Native to Bolivia, Chile, Peru and parts of Mexico, quinoa is a species of goosefoot (Chenopodium) whose seeds are traditionally used in soups, made into beer and ground into meal for making porridges and cakes.
Quinoa (pronounced KEEN-wah) has been sustaining civilization in South and Central America for thousands of years. The tiny seeds of this plant were highly regarded by the Incas, and played a fundamental role in their empire. The Incas referred to quinoa as chisaya mama, or "mother of all grains," and believed that the plant provided warriors with strength and stamina in battle. The Incan emperor himself traditionally sowed the first seeds of the season with a special gold implement.
Though the Incas — as well as many present-day quinoa-lovers — referred to quinoa as a grain, the plant is actually an herb that thrives in cold, high elevations. While it's mostly grown in South America, farmers in the Rocky Mountains and in the Pacific Northwest have recently begun cultivating quinoa as well.

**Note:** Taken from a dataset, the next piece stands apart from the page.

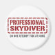 Skydiver profissional, não tente isso em casa. Se o Skydiving é seu passatempo, ocupação ou obsessão, mostre-o com t-shirts, excelentes de Skydiving, canecas, adesivos e muito mais. Eles também são presentes de excelente para outros fãs de Skydiving!

Quinoa production in the United States has been spurred by the recent increase in demand for the tiny seeds from health-conscious consumers. A good source of protein, calcium and amino acids, this so-called "superfood" also contains health-protective compounds such as polyphenols and quercetin, powerful antioxidants believed by some to reduce the risk of stroke, heart disease and Type 2 diabetes.